Cc: -roc...@chromium.org -qsr@chromium.org
Cc: roc...@chromium.org
Actually, adding rockot@ back since he is an owner of ipc/

Comment 8 by roc...@chromium.org, May 12 2017

A message is either sync or async, and if it's sync it always goes through this code path. I'm not sure exactly what you're proposing we change about this though. It does not seem like IPC is the right layer to be addressing this issue.

Comment 9 by torne@chromium.org, May 12 2017

It's not about addressing the issue in the IPC layer; it's that there is literally only one way to throw the Java exception and it requires that we back out of the entire C++ call stack safely, which means that every point in the C++ call stack in question needs to be able to bail in a way that guarantees it cannot possibly call any other Java function or cause a native crash.

So, if this is the only call stack that leads to OnRunJavaScriptDialog then this is the only call stack we need to look into; if there's other possibilities we need to handle all of them.
Couldn't we just have RunJavaScriptDialog always post a new task to make its JNI call? Then we don't have to care who's calling it?
Yepp, so the next step is to find a decent way to abort the infinite loop in ReceivedSyncMsgQueue::DispatchMessages whenever we have a pending Java exception.
I don't see how DispatchMessages can loop infinitely unless it's DoSed with
new incoming sync messages?
(argh, in #11 I was responding to comment #9)

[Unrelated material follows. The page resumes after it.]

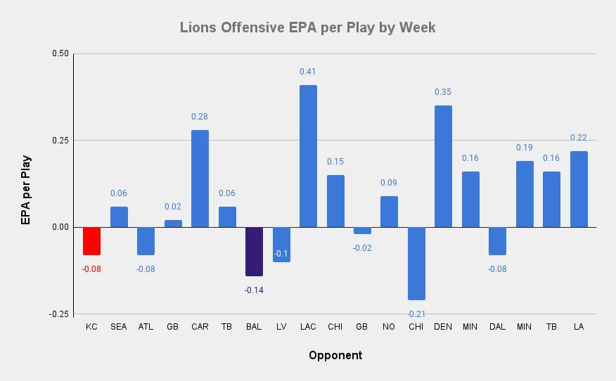 Here are the Lions, who played both the Ravens and the Chiefs and who are fourth in pre-snap motion rate.

If we are unsure about whether the stack trace will be the same we could post a new task - aren't there performance considerations? (and also the added complexity of returning the result from the new task?)
Sorry, ignore the "infinite" - as long as the loop continues after the OnRunJavaScriptDialog is called we could potentially call into Java again - which is unsafe.
I see what you meant now. In any case, deferring the JNI to a new task
avoids that issue entirely.

I don't think there are any significant performance implications of adding
a small amount of latency to modal dialog dispatch.
Alright, just to clarify what we intend to do here (and why it doesn't break anything).

RunJavaScriptDialog is run as a synchronous IPC call from renderer -> browser.
The browser finishes the call by calling RenderFrameHostImpl::SendJavaScriptDialogReply().

So, as long as we don't need to return anything from RunJavaScriptDialog we should be fine.
There is a
IPC::Message* reply_msg
parameter being passed into RenderFrameHostImpl::OnRunJavaScriptDialog(), can we ignore that? (given that we will respond using RenderFrameHostImpl::SendJavaScriptDialogReply() anyway).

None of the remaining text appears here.